If you are making large changes to the directory structure and the majority of the files is already on the mirrors, send a mail to mirrors@, attach a shell script that moves everything around locally, and give them a heads up on when this shuffle is happening. This save a _lot_ of bandwidth.
Also, when adding a lot, make sure to inform the mirrors, so they are prepared.
Discussion about how to finalize the directory structure such that "Repository", "Dist/Mirror" and "Maven" has to move forward.
I don't parse this, but since Noel can read it, I am probably missing context/background.
Just that these groups are all focused on different aspects of the distributables in the dist directory:
The Repository projects Url structure is important in standardizing and improving the dist contents into a more formal structure.
The Maven project represents a working example of a tool that implements itself upon this structure.
Between the dist directory maintainers and the the mirrors out there represent a "control" on the whole situation, if it doesn't work for them, then its not realistic as a strategy.
Currently, all Maven clients use www.ibiblio.org/maven to retrieve content. www.ibibilio.org is also a mirror of /java-repository for all its apache content. Actually Maven users DO NOT go to www.apache.org/dist/java-repository to download files, and only Apache developers can publish to www.apache.org/dist/java-repository.
That would be good.
In our last discussion, I think one of the conclusions that was arrived at as well, was the idea of breaking the java-repository up into two different locations.
www/cvs.apache.org/dist/java-repository --> nightly builds
www/www.apache.org/dist/java-repository --> official releases.

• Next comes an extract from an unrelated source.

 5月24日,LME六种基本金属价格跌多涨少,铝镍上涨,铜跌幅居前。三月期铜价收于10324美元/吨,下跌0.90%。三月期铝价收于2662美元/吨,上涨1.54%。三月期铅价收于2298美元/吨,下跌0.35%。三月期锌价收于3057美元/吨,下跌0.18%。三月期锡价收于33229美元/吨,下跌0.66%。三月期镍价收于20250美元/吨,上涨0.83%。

the idea was that nightly/weekly builds are not things we want to see on mirrors but to be available for developers. And that official release of jars are things we want to see mirrored.
Is Maven using the mirrors today, like getting the list of active mirrors from the main site and finding the closest? Or is it only using the main site and perhaps iblibio?

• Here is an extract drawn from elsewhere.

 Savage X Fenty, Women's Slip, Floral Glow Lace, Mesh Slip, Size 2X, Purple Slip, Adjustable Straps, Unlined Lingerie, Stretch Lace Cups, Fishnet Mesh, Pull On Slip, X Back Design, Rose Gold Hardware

What server is used is currently based on the configuration of the Maven client, servers currently do not maintain any capability to hand this client off to another mirror. I think, in the future as the Repository comes into existence and machine readable metadata or mechanisms for directing clients off to mirrors come into existence, then clients like Maven will implement such capabilities.
When it comes to things like the ibiblio maven repository, it would only maintain full version releases of apache projects.

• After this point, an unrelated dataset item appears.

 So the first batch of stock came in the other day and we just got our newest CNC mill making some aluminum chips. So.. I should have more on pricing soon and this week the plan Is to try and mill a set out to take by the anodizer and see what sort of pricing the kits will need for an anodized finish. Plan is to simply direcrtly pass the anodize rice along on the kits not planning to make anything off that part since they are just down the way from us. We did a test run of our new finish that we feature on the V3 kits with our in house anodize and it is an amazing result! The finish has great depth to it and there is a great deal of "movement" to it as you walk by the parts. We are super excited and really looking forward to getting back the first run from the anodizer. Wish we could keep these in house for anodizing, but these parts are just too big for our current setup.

Can you explain why ibiblio is special here? I mean, what you describe is what is supposed to be on all the mirrors right?
Just because it is the "default" repository used by the Maven Client.
If your an apache project and need to be on the bleeding edge for a component, then you can simply add
as your first repository location and get your apache jars straight off the nightly builds...
The big question is how to facilitate this a build process, I think the last decision on the Jakarta Commons/General/Maven lists was that we would automate the build process for releasing the nightly jars into
And the only publishing of jars by actual humans (Release Managers) would be the full releases onto
Symlinks I hope. Mirrors handle symlinks efficiently, that is, if they follow our rsync instructions.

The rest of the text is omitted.